Key characteristics of blockchain In summary, blockchain has following key characteristics.
• Decentralization
In conventional centralized transaction systems, each transaction needs to be validated through the central trusted agency (e.g., the central bank) inevitably resulting the cost and the performance bottlenecks at the central servers. Differently, a transaction in the blockchain network can be conducted between any two peers (P2P) without the authentication by the central agency. In this manner, blockchain can significantly reduce the server costs (including the development cost and the operation cost) and mitigate the performance bottlenecks at the central server.
• Persistency
Since each of the transactions spreading across the network needs to be confirmed and recorded in blocks distributed in the whole network, it is nearly impossible to tamper. Additionally, each broadcasted block would be validated by other nodes and transactions would be checked. So any falsification could be detected easily.
• Anonymity.
Each user can interact with the blockchain network with a generated address. Further, a user could generate many addresses to avoid identity exposure. There is no longer any central party keeping users’ private information. This mechanism preserves a certain amount of privacy on the transactions included in the blockchain. Note that blockchain cannot guarantee the perfect privacy preservation due to the intrinsic constraint (details refer to Section 5).
• Auditability.
Since each of the transactions on the blockchain is validated and recorded with a timestamp, users can easily verify and trace the previous records through accessing any node in the distributed network. In Bitcoin blockchain, each transaction could be traced to previous transactions iteratively. It improves the traceability and the transparency of the data stored in the blockchain.
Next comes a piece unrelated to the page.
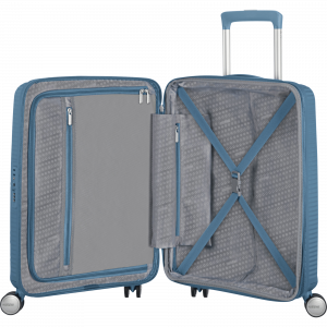 Kõvakohver 55 cm, 8-rattaline, sinine (Stone Blue), laiendatav, TSA koodlukk, American Tourister Soundbox

Some Remarks for the Discussion
We have discussed what the blockchain is, but why should anyone care? For seemingly being a rather ambiguous technology to the general populace, a monetary application of the blockchain has garnered a large financial backing. With the price of a Bitcoin currently being valued at about ten thousand dollars (Wikipedia & Contributors, 2018a), it seems important to see why people are investing in it. As illustrated by the thematic analysis above, blockchain has implications for a wide variety of fields. Some are more hopeful, or seem more useful, than others. While it might be too difficult to see applying blockchain to really intricate and highly regulated industries like securities at the moment (Tranquillini, 2016), we can see that it has already had some degree of success with things like product traceability (Lu & Xu, 2017).
We have also seen that many researchers are confident it can be applied to things like food security (Ahmed & Broek, 2017), city planning (Sun et al., 2016), property ownership (Ishmaev, 2017), and financial transactions (Cocco et al., 2017). The implications and challenges vary greatly between each industry. For food security, the benefits are largely tied to product traceability and preventing such issues as fraud and transmission of foodborne contagions. The benefits for city planning are largely social and focus on helping people to navigate both the infrastructure and social parameters of a city – such as trust and transparency in managing decentralized work-forces. Finances are the most obvious application of blockchain. This technology has risen to stardom primarily through blockchain and other crypto-currencies. Currencies like bitcoin and ethereum were created for blockchain, and have witnessed explosive growth. There is a greater potential for blockchain technology beyond crypto-currency itself, and it has huge implications – from increased transparency, to minimizing transaction fees by bypassing third-parties like banks. While there are challenges in implementing blockchain technologies in these industries, the benefits seem to outweigh the drawbacks in many instances. Certainly, in industries like governmental regulation, corporate governance, and securities blockchain is but one potential component of massive distributed systems, and implementation is a very delicate process that takes time. While it is unclear as to how blockchain technologies will be implemented over time, it is clear that there are enough benefits for certain industries and sectors to begin implementing it slowly and with attentiveness.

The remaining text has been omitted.